The recommendations were so detailed they included a request to have a specialist herpetologist mount a salvage operation for lizards before any bush was cleared for the project.
Also in the decision to Minister of Education Chris Carter was moving the planned buildings closer to Albany Highway to protect more bush on the site and increasing the height to 24m in the middle to make up for lost floor space from the suggested removal of a western portion.
It followed a hearing that began in November last year.
The school - held up by the Government as part of a flagship of the new junior high and senior high model - was supposed to open on its permanent site next year, taking about 300 students into their last three years of high school.
But a series of delays will see an "initial campus" of removable buildings open on a section of the junior high site next year, while the permanent senior high school is finished.
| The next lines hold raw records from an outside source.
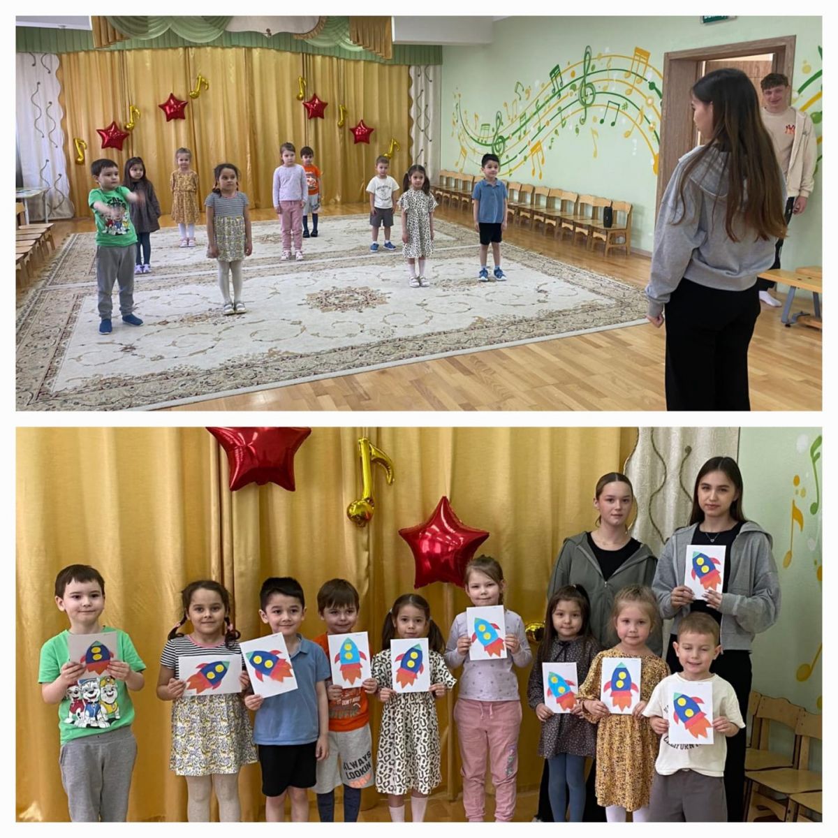11 апреля ученики 55 школы, в рамках Движения первых, провели с воспитанниками старшей группы № 6 мероприятие, посвящённое Дню космонавтики. Ребята сделали аппликацию "Ракета", поиграли и потанцевали.
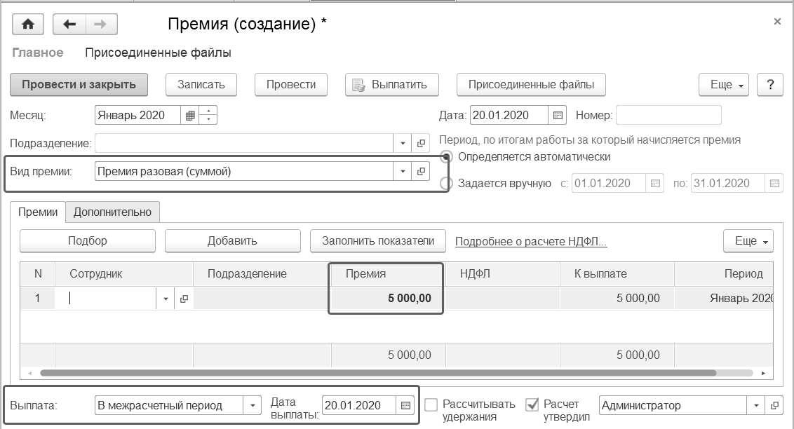 Пример. Добавленная выше премия к юбилею (или любая разовая премия) будет начисляться в день юбилея и выдаваться сразу сотруднику. Следовательно, ее целесообразно настроить по отдельному межрасчетному документу.
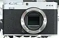 The Fujifilm X-E4 is thinner than the X-E3 by a centimeter. Unlike its predecessor, the grip of the new camera has been removed.[4] The camera consists of the same 26.1-megapixel, back-side illuminated but with a newer processor, the X-Trans CMOS 4 sensor which is also found in FujiFilm's flagship cameras.[5]
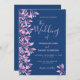 A floral trendy wedding invitation in blue and pink A modern blue background decorated with botanical pink coloured sprigs and foliage. Modern large handlettered script, typography with the text: The wedding of. Personalise and add your names and wedding details. Pink text.
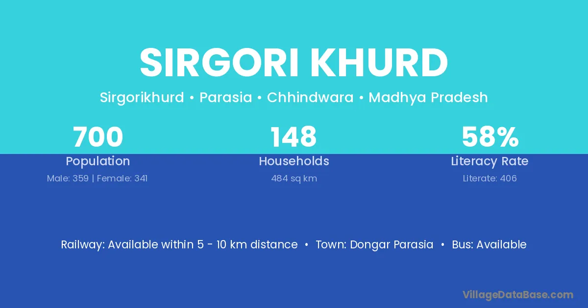 Sirgori Khurd village has a total population of 700 people, of which 359 are males and 341 are females.
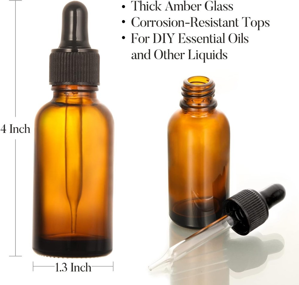 Tincture Dark Amber Dropper Bottles Brown Glass with Funnel and Label Set NEW About this item Size - 1.3 inch wide, 4 inch height. 1 Ounce (30ml) Capacity. Product Includes - 4 pcs dark amber dropper bottles + 1 stainless steel small funnels + 4 kraft paper color labels Leakproof - Great for essential oils, colognes, tincture, cosmetics, perfume oils, beard oil, hair oil or other liquids. Small funnel help fill liquids without leak. Labels help mark names for different liquids. The long dropper almost touches the bottom and can absorb more liquid

The original $47 million for the development - planned on the original site of the first Albany School - was expected to rise significantly.
The senior high's roll is projected to grow to 1500 and aims to cater for the huge growth that saw Albany's population rise from 1400 in 1991 to more than 10,000 in 2006.
North Shore mayor Andrew Williams welcomed the commissioners' decision and described the site of the planned school as "difficult and challenging".
"The level of detailed analysis and re-design shows just how seriously they are taking the need for a senior high school on this site," he said.
Education Minister Chris Carter said the conditions the commissioners put on the use of the site were being worked through by the ministry and the council.
School board of trustees acting chairman Philip Voss said the board was yet to have a formal briefing on the commissioners' recommendations from the ministry.
He said the board was still to form a response to it and it was impossible to know if further delays would result.